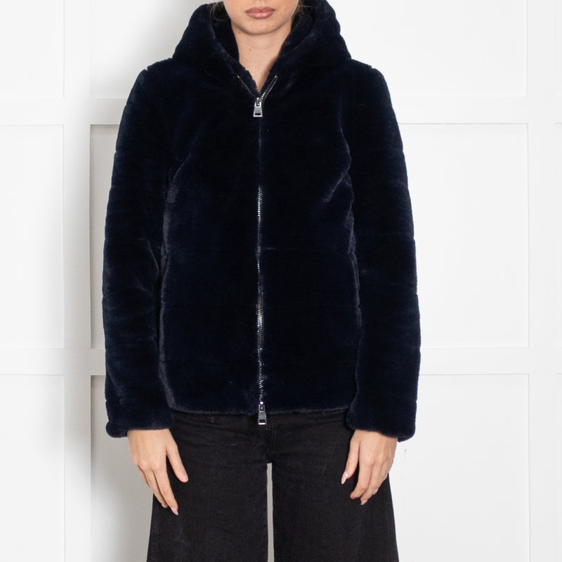 Oakwood Navy Blue Faux Fur Hooded Jacket
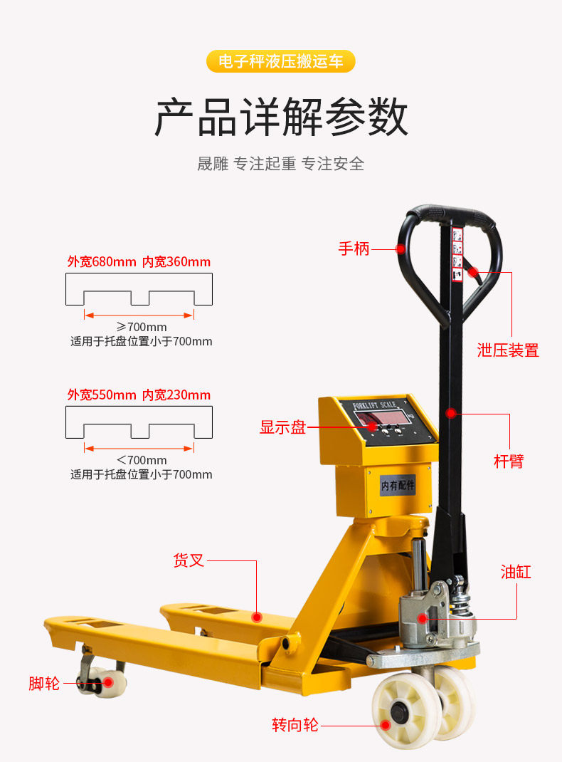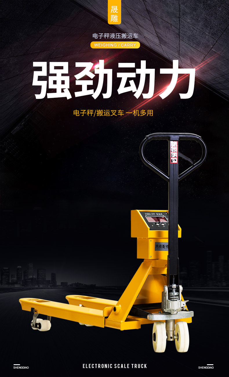 晟雕 Ручная гидравлическая вилочная погрузчика с электронами, называемая шкалой 2 тонны 2 -я 3T 3T Тяжелый движущийся автомобильный лоток для бычьего подноса
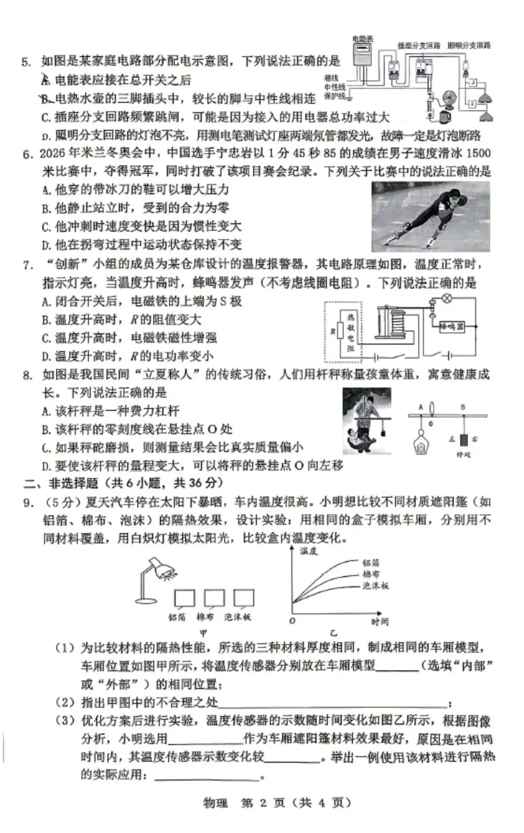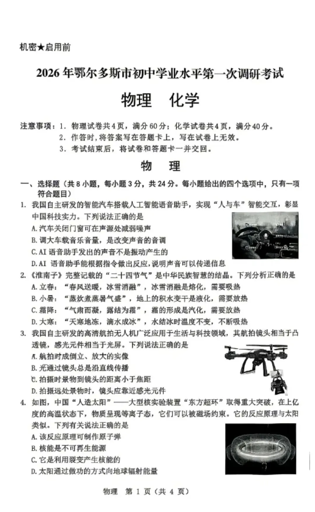 2026年3月鄂尔多斯中考一模试卷和答案:物理
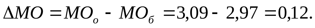 Эффективность использования материальных ресурсов характеризуется показателем материалоотдачы (МО) - отношение выручки от продаж (В) к затратам на материалы (Зм):
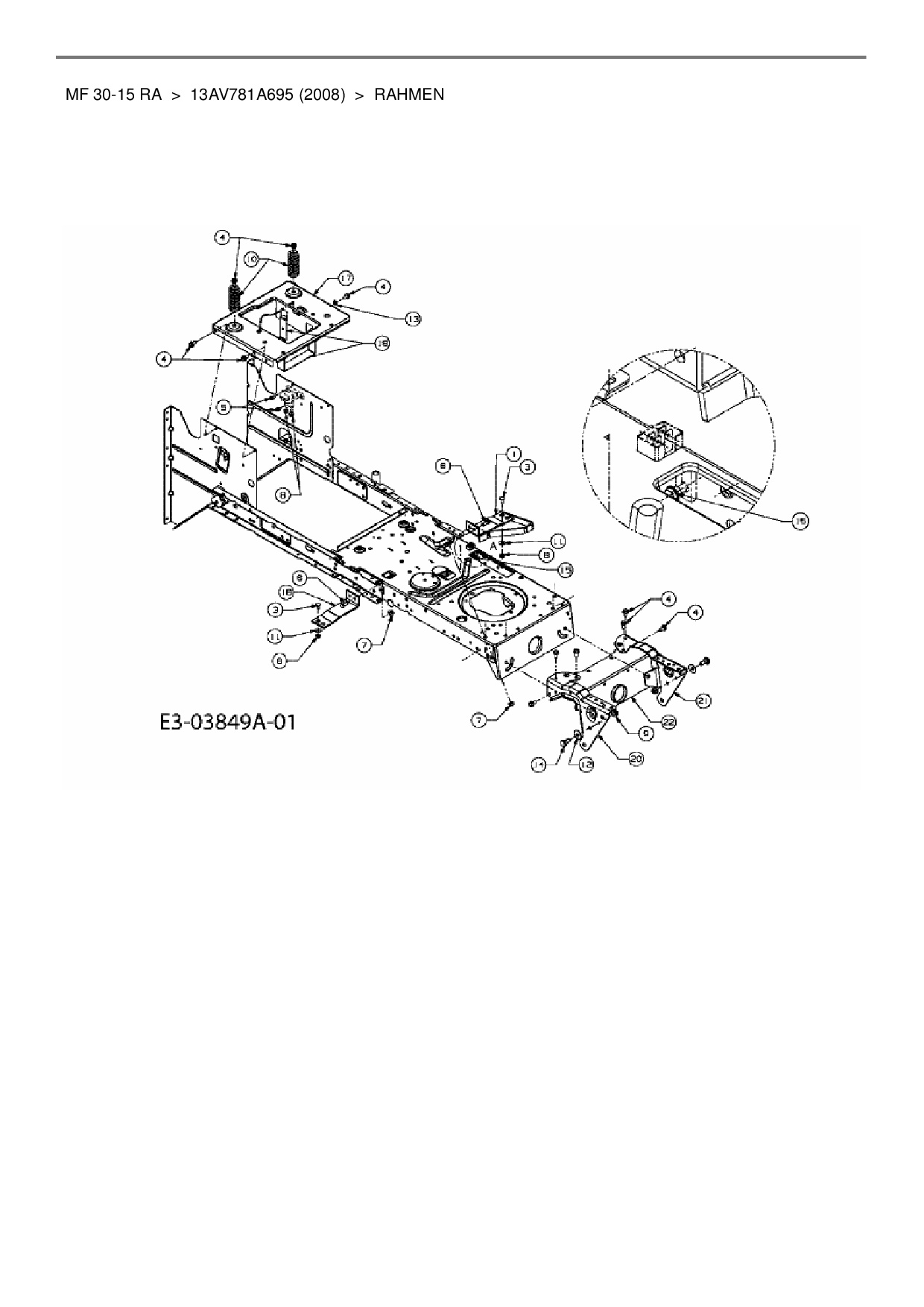 Ersatzteile für Rasentraktor Massey Ferguson MF 30-15 RA aus der Zeichnung Rahmen:
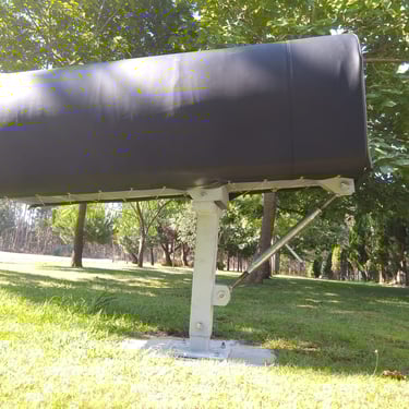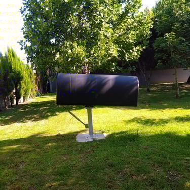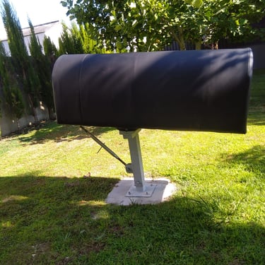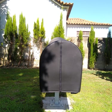 Semen collection dummy (phantom mare), made of iron, coated with high-density foam and covered in synthetic leather. Mounted on a height-adjustable stand with a stabilizing base.

Problem requirements -> Could you set down every entry again exactly as written, leaving out any pictures?

Response area ->
 Oakwood Navy Blue Faux Fur Hooded Jacket
 晟雕 Ручная гидравлическая вилочная погрузчика с электронами, называемая шкалой 2 тонны 2 -я 3T 3T Тяжелый движущийся автомобильный лоток для бычьего подноса
 2026年3月鄂尔多斯中考一模试卷和答案:物理
 Эффективность использования материальных ресурсов характеризуется показателем материалоотдачы (МО) - отношение выручки от продаж (В) к затратам на материалы (Зм):
 Ersatzteile für Rasentraktor Massey Ferguson MF 30-15 RA aus der Zeichnung Rahmen:
 Semen collection dummy (phantom mare), made of iron, coated with high-density foam and covered in synthetic leather. Mounted on a height-adjustable stand with a stabilizing base.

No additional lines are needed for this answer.